Anyone without a significant technical background can easily generate such audio, with multiple available tools online. Such fake news from deepfake generators can disturb financial markets and even electoral outcomes. The theft of one's voice to access voice-operated bank accounts and the unauthorized utilization of one's vocal identity for financial gain are reminders of the urgent need for robust countermeasures. Further risks may include privacy violation, where an attacker can utilize the victim’s audio without their permission or consent. Further, attackers can also alter the content of the original audio, which can have a serious impact.

Two primary and prominent directions have emerged in designing systems to detect fake audio: artifact detection and liveness detection. When audio is generated by a generative model, the model introduces some artifact in the generated signal. Researchers design algorithms/models to detect these artifacts. However, there are some challenges with this approach due to increasing sophistication of audio deepfake generators. In the future, we may also see models with very small or almost no artifacts. Liveness detection, on the other hand, leverages the inherent qualities of natural speech, such as breathing patterns, intonations, or rhythms, which are challenging for AI models to replicate accurately. Some companies like Pindrop are developing such solutions for detecting audio fakes.

Additionally, strategies like audio watermarking serve as proactive defenses, embedding encrypted identifiers within the original audio to trace its origin and deter tampering. Despite other potential vulnerabilities, such as the risk of replay attacks, ongoing research and development in this arena offer promising solutions to mitigate the threats posed by audio deepfakes.
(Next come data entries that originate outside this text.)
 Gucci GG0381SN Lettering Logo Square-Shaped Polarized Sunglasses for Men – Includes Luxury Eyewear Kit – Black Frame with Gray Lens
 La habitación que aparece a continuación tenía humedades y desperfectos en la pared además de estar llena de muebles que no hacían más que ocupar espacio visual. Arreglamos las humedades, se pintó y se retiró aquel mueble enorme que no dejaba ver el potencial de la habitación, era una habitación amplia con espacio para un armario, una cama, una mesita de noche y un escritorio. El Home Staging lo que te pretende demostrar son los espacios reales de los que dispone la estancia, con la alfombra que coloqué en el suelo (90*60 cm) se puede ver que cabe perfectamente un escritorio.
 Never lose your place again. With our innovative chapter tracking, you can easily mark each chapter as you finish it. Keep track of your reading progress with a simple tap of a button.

Q: Despite their potential for misuse, what are some positive aspects and benefits of audio deepfake technology? How do you imagine the future relationship between AI and our experiences of audio perception will evolve?
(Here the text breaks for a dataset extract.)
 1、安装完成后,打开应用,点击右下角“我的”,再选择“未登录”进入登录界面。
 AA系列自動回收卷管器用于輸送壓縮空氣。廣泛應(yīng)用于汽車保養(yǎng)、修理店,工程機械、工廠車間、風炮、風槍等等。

A: Contrary to the predominant focus on the nefarious applications of audio deepfakes, the technology harbors immense potential for positive impact across various sectors. Beyond the realm of creativity, where voice conversion technologies enable unprecedented flexibility in entertainment and media, audio deepfakes hold transformative promise in health care and education sectors. My current ongoing work in the anonymization of patient and doctor voices in cognitive health-care interviews, for instance, facilitates the sharing of crucial medical data for research globally while ensuring privacy. Sharing this data among researchers fosters development in the areas of cognitive health care. The application of this technology in voice restoration represents a hope for individuals with speech impairments, for example, for ALS or dysarthric speech, enhancing communication abilities and quality of life.

I am very positive about the future impact of audio generative AI models. The future interplay between AI and audio perception is poised for groundbreaking advancements, particularly through the lens of psychoacoustics — the study of how humans perceive sounds. Innovations in augmented and virtual reality, exemplified by devices like the Apple Vision Pro and others, are pushing the boundaries of audio experiences towards unparalleled realism. Recently we have seen an exponential increase in the number of sophisticated models coming up almost every month. This rapid pace of research and development in this field promises not only to refine these technologies but also to expand their applications in ways that profoundly benefit society. Despite the inherent risks, the potential for audio generative AI models to revolutionize health care, entertainment, education, and beyond is a testament to the positive trajectory of this research field.